Artificial intelligence (AI) has been widely used in daily life ^[7]^[8]^[9]^[10]. Specifically, diffusion models can assist in addressing the low efficiency and quality in architectural design. Based on the machine learning concept, diffusion models are trained by learning knowledge from a vast amount of data ^[11]^[12] to generate diverse designs based on text prompts ^[13]. Nevertheless, the current mainstream diffusion models, such as Stable Diffusion ^[14], Midjourney ^[15], and DALL E2 ^[11], have limited applications in architectural design due to their inability to embed specific design style and form in the generated architectural designs ( Figure 1 ).

Figure 1. Mainstream diffusion models compared with the proposed method for generating architectural designs. Stable Diffusion ^[14] fails to generate an architectural design with a specific style, and the image is not aesthetically pleasing (left panel). The architectural design styles generated by Midjourney ^[15] (second from the left) and DALL E2 ^[11] (third from the left) are incorrect. None of these generated images met the design requirements. The proposed method (far right) generates architectural design in the correct design style . (Prompt: “An architectural photo in the Shu Wang style, photo, realistic, high definition”).

2. Architectural Design

Architectural designing relies on the professional skills and concepts of designers. Outstanding architectural designs play a crucial role in showcasing the image of a city ^[2]^[3]^[4]. Moreover, iconic landmark architecture in a city stimulates local employment and boosts the tourism industry ^[1]^[16].

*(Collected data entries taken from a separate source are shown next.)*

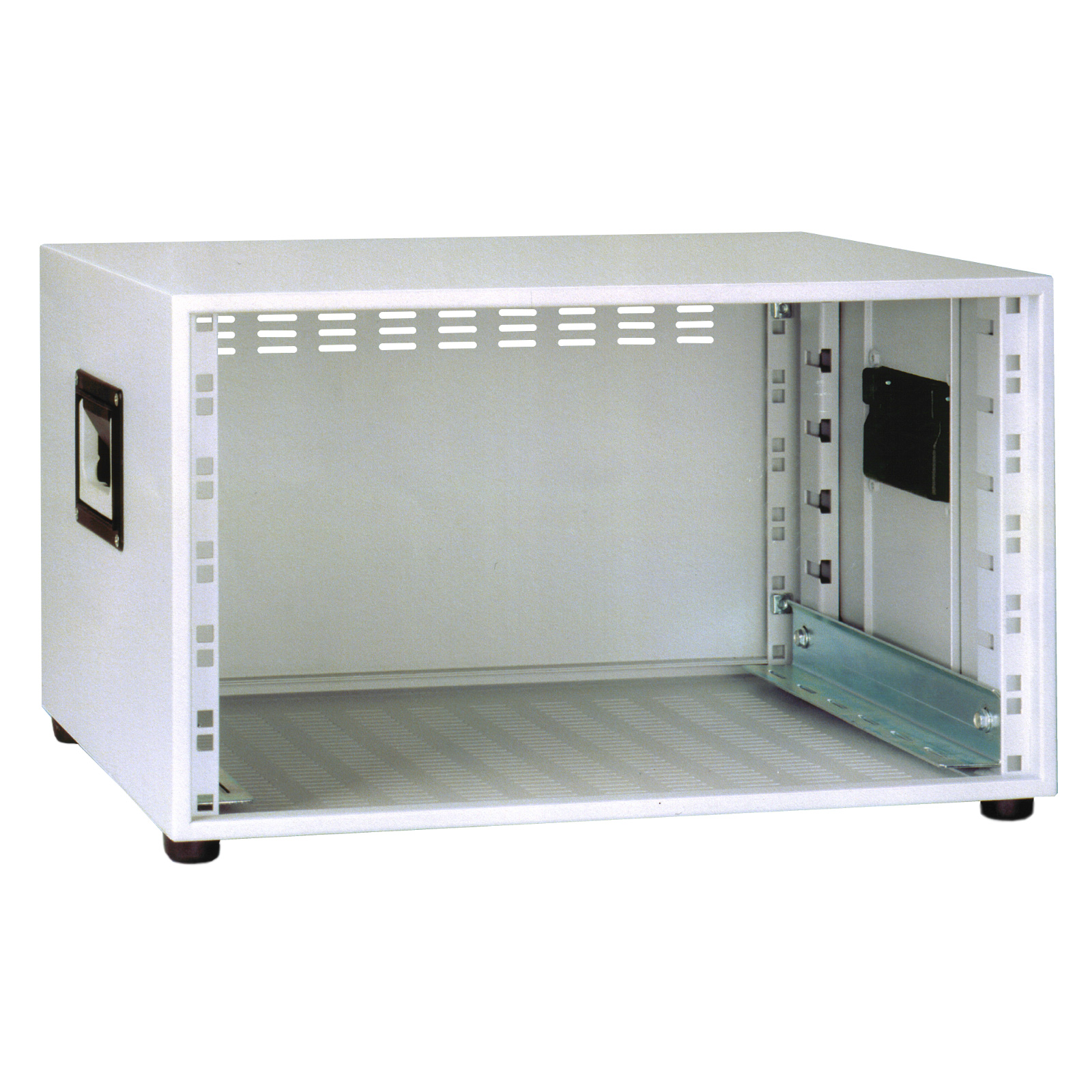 19"-Gehäuse aus 1 mm dicken Stahlblech. Der Gehäuseboden ist perforiert mit Belüftungsschlitzen. Standardmässig sind 2 schraubbare Gleitschienen inkl. Befestigungsmaterial enthalten. 4 Gummifüße sorgen für einen sicheren Stand und reduzieren Vibrationen. Ab einer Größe von 4HE sind die Seitenwände mit einklappbaren Tragegriffen ausgestattet, was den Transport erleichtert.
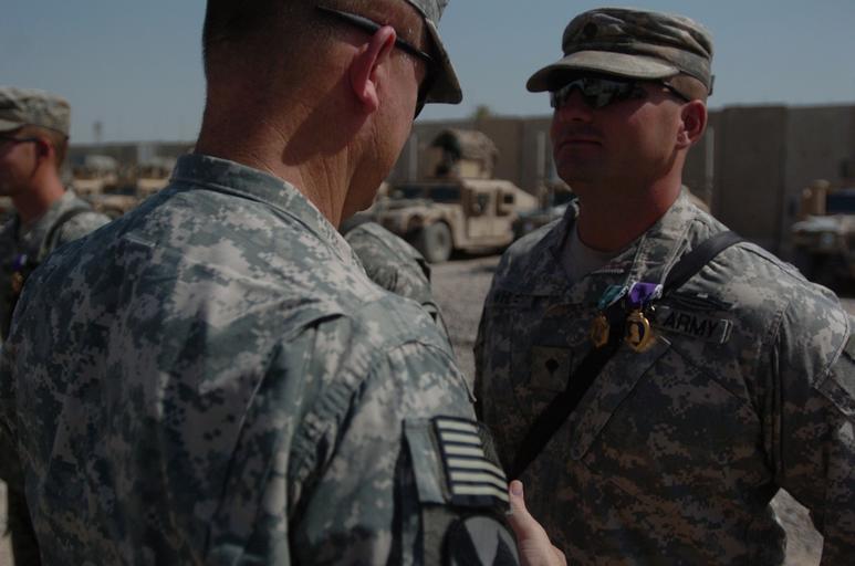 Keywords: Soldiers recognized for sacrifices DVIDS53906.jpg en Killeen Texas native Spc Terry White an infantryman with Company A 2nd Battalion 5th Cavalry Regiment 1st Brigade Combat Team 1st Cavalry Division stands in formation after receiving the Purple Heart from Roundup Mont native Col Paul E Funk II commander of 1st BCT at Patrol Base Courage in western Baghdad Aug 11 The Purple Heart is bestowed upon Soldiers wounded in combat 2007-08-11 Spc Leith Edgar https //www dvidshub net/image/53906 53906 2007-08-16 15 57 FORWARD OPERATING BASE COURAGE IQ PD-USGov 1st Cavalry Division United States Images from DoD uploaded by Fæ Presentation of the Purple Heart |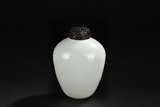 A WHITE GLASS BOTTLE WITH COVER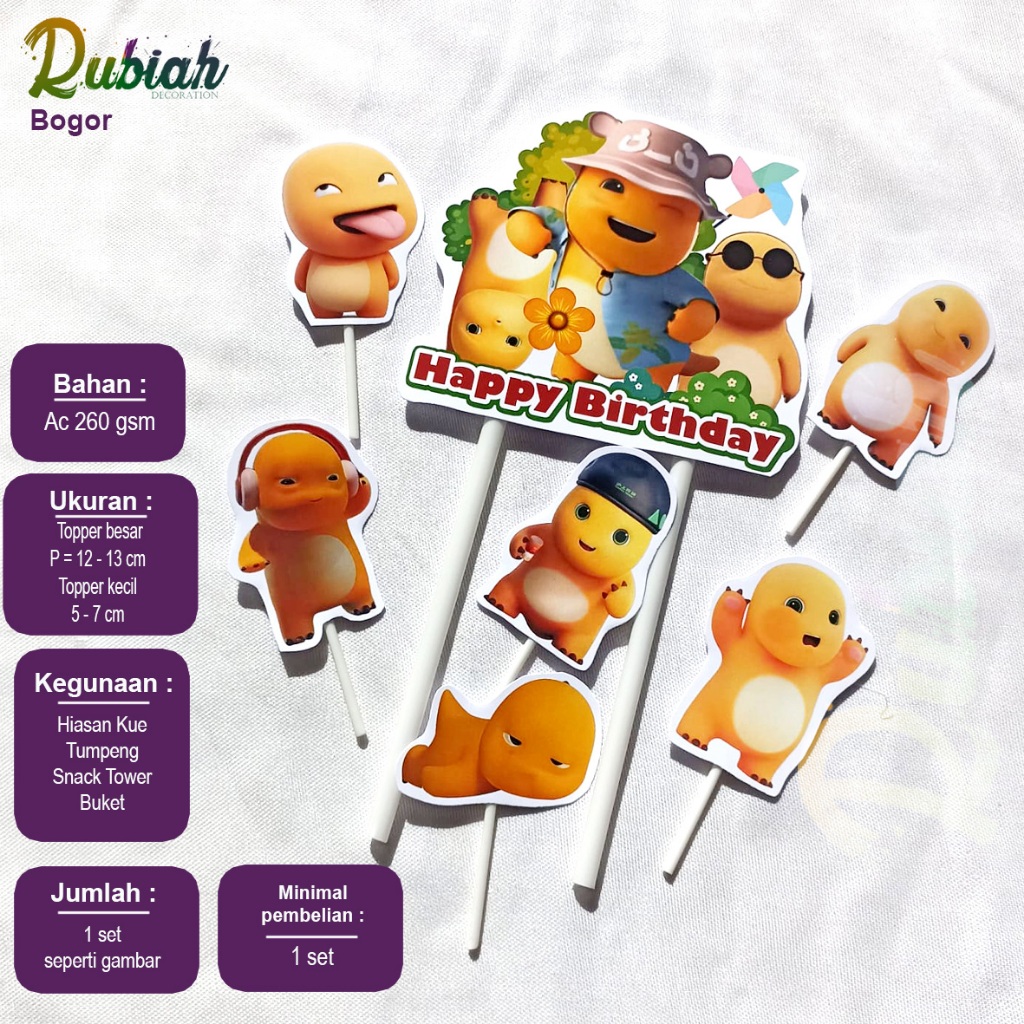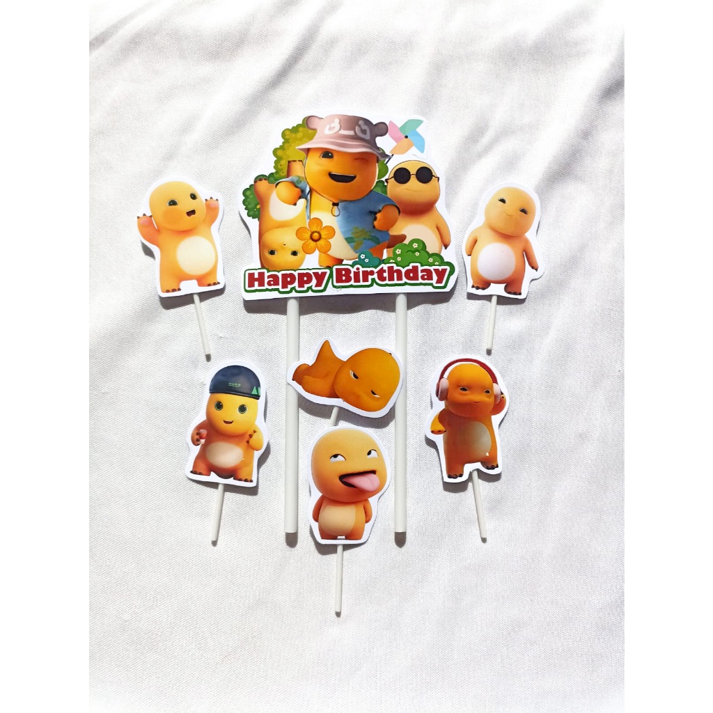 Custom Nama Foto Topper cake Karakter Nailong Dino kuning lucu Hiasan Kue Ulang Tahun / Snack Tower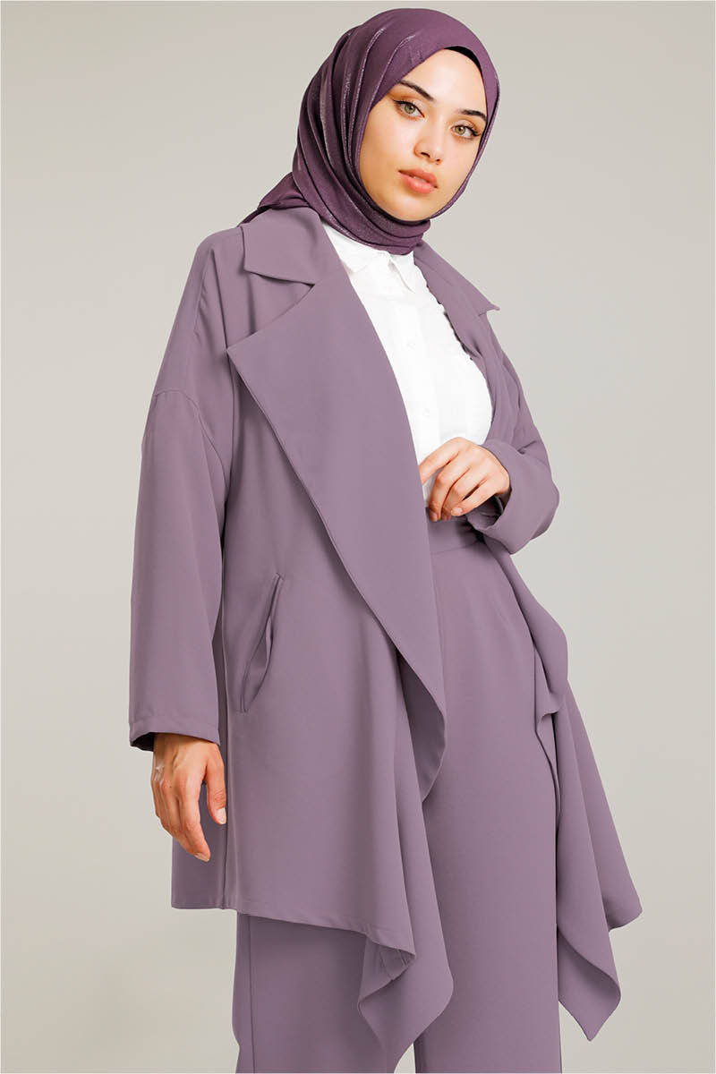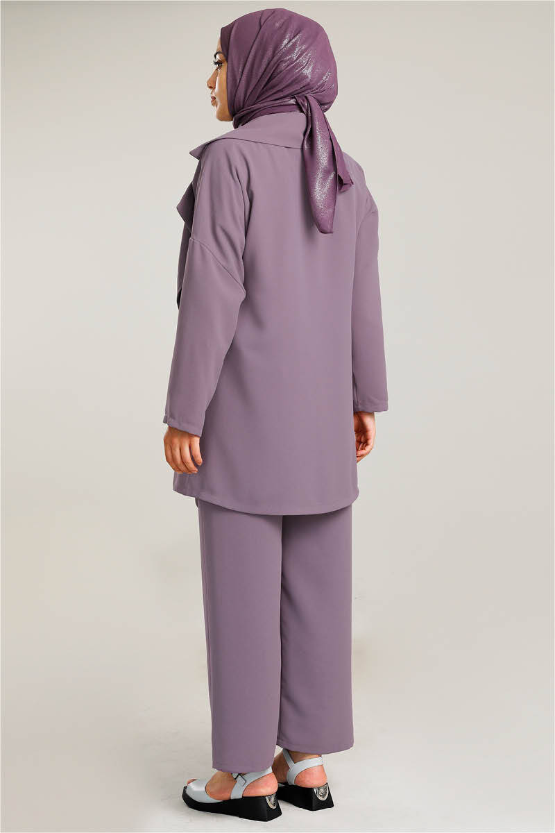 Dökümlü Ceket Takım Lila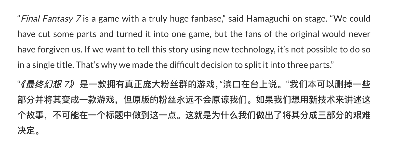 【制作人解谜《最终幻想7》重制版为何分3部】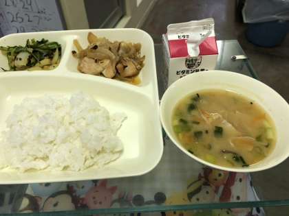 鶏肉の甘辛焼き、みそ汁、きくなとはくさいのごまあえ、米飯、牛乳。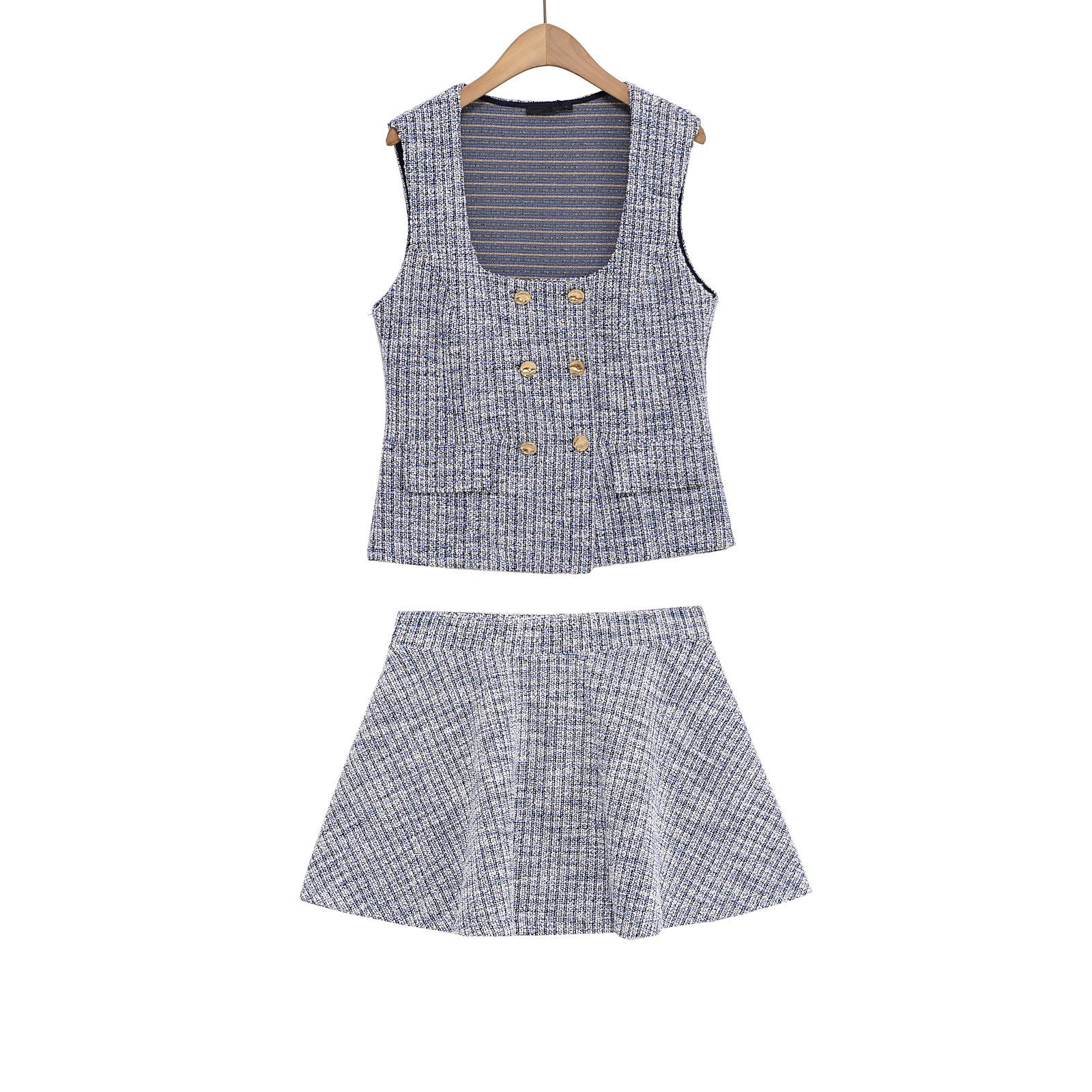 Compre Roupa Europeia e Americana Transfronteiriça 2025 Novo Estilo de Verão Terno Retrô com Abotoadura Dupla Colete Elegante Conjunto de Saia de Cintura Alta no atacado no Joom.pro

Designers typically communicate architectural design proposals with clients through visual renderings. However, this conventional method has low efficiency and low quality. The inefficiency stems from the complexity of the conventional design process involving extensive manual drawing tasks ^[2]^[5], such as creating 2D drawings, building 3D models, applying material textures, and rendering visual effects ^[17]. This linear design process restricts client involvement in the decision-making until producing the final rendered images. If clients find the design not to meet their expectations upon viewing the final images, designers must redo the entire design, leading to repetitive modifications ^[2]^[3]^[4]. Consequently, the efficiency of this design practice needs improvement ^[17].

The reason for the low quality of architectural design is that it is difficult to train excellent designers and the process of improving design capabilities is long. Designers' lack of design skills makes it difficult to improve design quality ^[4]^[5]^[6]. However, the improvement of design capabilities is a gradual process , and designers must constantly learn new design methods and explore different design styles ^[2]^[3]^[6]^[18]^[19]^[20]. At the same time, seeking the best design solution under complex conditions also brings huge challenges to designers ^[2]^[5].

All these factors ultimately lead to inefficient and low-quality architectural designs ^[2]^[5]. Therefore, new technologies must be introduced into the construction industry in a timely manner to solve these problems.

3. Diffusion Model

In recent years, the diffusion model has rapidly developed into a mainstream image generation model ^[21]^[22]^[23]^[24]^[25]^[26], which allows designers to quickly obtain images, thereby significantly improving the efficiency and quality of architectural design ^[13]^[27].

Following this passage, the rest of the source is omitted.